The Problem With ObjectOutputStream
When you write objects to an ObjectOutputStream, it maintains
a strong reference to the object, associated with a unique ID, and writes
that ID to the stream along with the object's data. This has two benefits
if you later write the same object to the same stream: you save bandwidth,
because the output stream only needs to send the ID, and you preserve
object identity on the other end.
Unfortunately, it's also a form of memory leak, since the stream holds onto
the source object forever — or at least until you close the stream or
call reset() on it. If you're using object streams simply as a
means to move objects, and aren't concerned about preserving identity or
reducing bandwidth, then you quickly learn to call reset() on
a regular basis.
If the ObjectOutputStream instead held the source object via a
WeakReference, the problem wouldn't happen: when the object
went out of scope in the program code, the collector could reclaim the
object. Since there would be no way that it could ever be written to the
stream again, there's no reason for the stream to hold onto it.
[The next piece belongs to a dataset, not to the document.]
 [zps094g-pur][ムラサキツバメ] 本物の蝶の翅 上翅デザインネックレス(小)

Better, the
ObjectOutputStream could notify the
ObjectInputStream that the object is no longer valid,
eliminating memory leaks on the receiving side.
Unfortunately, although the object stream protocol was updated with the 1.2
JDK, and weak references were added with 1.2, the JDK developers didn't
think to combine them.
Using WeakHashMap to Associate Objects
To be honest, I don't believe there are many cases where you should
associate two objects that don't have an inherent relationship. Either the
objects should have a composition relationship, and be collected together,
or they should have an aggregation relationship and be collected separately.
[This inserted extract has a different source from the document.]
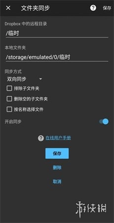 在Dropsync里配置同步文件夹时,要先在Dropbox上创建远程同步目录,并且在安卓手机的本地文件夹中建立与之对应的同步目录;接着挑选同步模式,该应用一般提供7种同步模式,通常推荐选用双向同步(也就是一端进行增删改操作后,会马上同步到另一端);之后下面的三个选项一般无需勾选,开启同步功能后点击保存即可。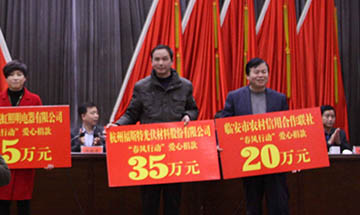 “春風行動”全面啟動 福斯特溫暖關愛困難群體 [2016-01-27][2016-01-27]日前,在臨安市“春風行動”啟動儀式上,福斯特與另外三家企業(yè)率先捐款,其中,福斯特本次捐款35萬元。今年是福斯特參與我市“春風行動”的第5個年頭,累計捐款金額已達120萬元。[查看詳情]

However this rule breaks down if you have no ability to change the objects
to reflect their relationship — for example, if you need to form a
composition relationship between a third-party class and an application
class. It also breaks down in cases like ObjectOutputStream,
which the relationship is ad hoc and the objects have differing lifetimes.
Should you find the need to create such an association, the JDK provides
WeakHashMap, which holds its
keys via weak references. When the key is no longer referenced
anywhere else within the application, the map entry is no longer accessible.
In practice, the entry remains in the map until the next time the map
is accessed, so you may find your related objects sitting in the heap
far longer than they should.
Rather than give an example here, we'll look at WeakHashMap
in the context of a canonicalizing map.
Eliminating Duplicate Data with Canonicalizing Maps
In my opinion, a far better use of weak references is for canonicalizing
maps. And the best example of how a canonicalizing map works — even
though it's written as a native method — is String.intern().
When you intern a string, you get a single, canonical instance of that string
back. If you're processing some input source with a lot of duplicated strings,
such as an XML or HTML document, interning strings can save an enormous
amount of memory.
A simple canonicalizing map works by using the same object as key and value:
you probe the map with an arbitrary instance, and if there's already a value
in the map, you return it. If there's no value in the map, you store the
instance that was passed in (and return it). Of course, this only works for
objects that can be used as map keys. Here's how we might implement
String.intern():
private Map<String,String> _map = new HashMap<String,String>();
public synchronized String intern(String str)
{
if (_map.containsKey(str))
return _map.get(str);
_map.put(str, str);
return str;
}
This implementation is fine if you have a small number of strings to
intern. However, let's say that you're writing a long-running application
that has to process input that contains a wide range of strings that still
have a high level of duplication. For example, an HTTP server that
canonicalizes the headers in its requests. There are only about a dozen
values that you'll see in a "User-Agent" header, yet some of those values
occur more frequently than others — the Googlebot only visits once a
week.
In this case, you can reduce long-term memory consumption by holding the
canonical instance only so long as some code in the program is using
it. And this is where weak references come in: by holding the map
entries as weak references, they will become eligible for collection after
the last strong reference disappears. Once the Googlebot has finished
indexing your site its user agent string will be collected.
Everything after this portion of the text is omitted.